6MM scale Captain’s Edition : This is the latest 6MM version of this kit featuring MSLA resin 3D printed hull, masts, shrouds and sails. The kit features an improved resin that has high detail but maintains part flexibility. The goal of the Captain’s Edition is to get a model on the table for gameplay in a faster manner then previous versions. This kit comes un-painted, and un-assembled.
Historic ship type:
“Sloop of war” is a term reflecting the ship’s role and not the rig. Whereas a “sloop rig” refers to being a single masted fore and aft ship, Sloop of war refers to being a light warship roughly akin to a modern destroyer. Sloops of war generally are either 2 or 3 masted, and approximately 80 to 115 feet in length. So while sloop of war is the type of vessel, you can differentiate them further by rig. If the vessel has 2 sqaure sail masts it would be a “brig sloop of war”, and if three a “ship rigged sloop of war” which is what is depicted with this model.
In Sailpower our base stats for this ship are based off a typical but storied sloop of war named USS Ranger.
Ranger was originally named Hampshire, launched May of 1777, built by master shipbuilder James Hackett, at the shipyard of John Langdon on what is now called Badger's Island in Kittery, Maine. The ship was renamed around the time Captain John Paul Jones was named her first commander.
The renaming honored Rogers' Rangers, a famous colonial militia unit from the French and Indian War, associated with the Portsmouth, New Hampshire region. The ship was built in the Portsmouth Naval Shipyard area, and the name change tied it to local military tradition and the spirit of frontier "rangers" (scouts or irregular fighters
After fitting out, she sailed for France on 1 November 1777, carrying dispatches telling of British General John Burgoyne's surrender to the commissioners in Paris. On the voyage, two British prizes were captured. Ranger arrived at Nantes, France, on 2 December, where Jones sold the prizes and delivered the news of the victory at Saratoga to ambassador Benjamin Franklin.

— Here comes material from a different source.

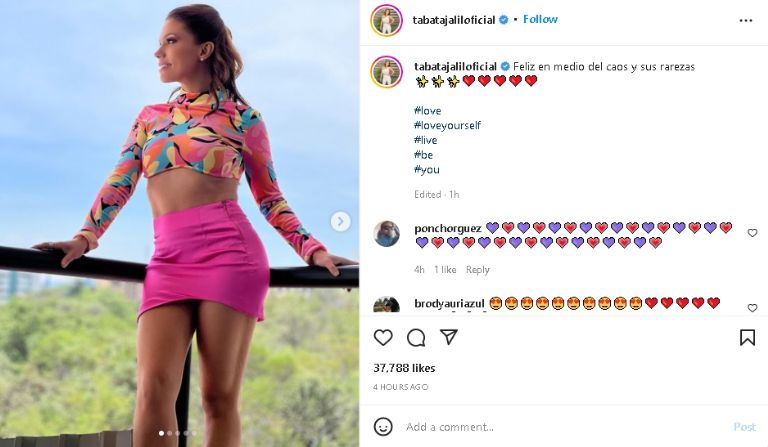La famosa conductora de TV Azteca apareció en las redes y poso con un distinguido look primaveral que la hizo brillar en los reflectoresCiudad de México.-Tabata Jalil, famosa conductora de televisión, hizo enloquecer a sus miles de seguidores de TV Azteca, luego de publicar una coqueta fotografía de su destacada apariencia, en especial de su increíble outfit primaveral que la hizo brillar entre los reflectores del espectáculo. Un look que causó toda una sensación en Internet, pues de lo más maravillosa frente a los reflectores del espectáculo.

Ranger made several other cruises before being ordered to Commodore Abraham Whipple's squadron, arriving at Charleston, South Carolina to support the garrison there under siege by the British. On January 1780, Ranger and sloop Providence(a smaller ship with a sloop rig, also previously captains by John Paul Jones ), in a short cruise down the coast, captured three transports, loaded with supplies, near Tybee, Georgia. They learned that the British army was enroute to capture Charleston sailed back to Charleston with the news. Shortly afterwards the British commenced the final push. Although the channel and harbor configuration made naval operations and support difficult, Ranger took a station in the Cooper River and was captured when Charleston fell on 11 May 1780.
Ranger was commissioned into the British Royal Navy as HMS Halifax, then decommissioned in Portsmouth, England, in 1781, then sold as a merchant vessel for about 3 percent of her original cost.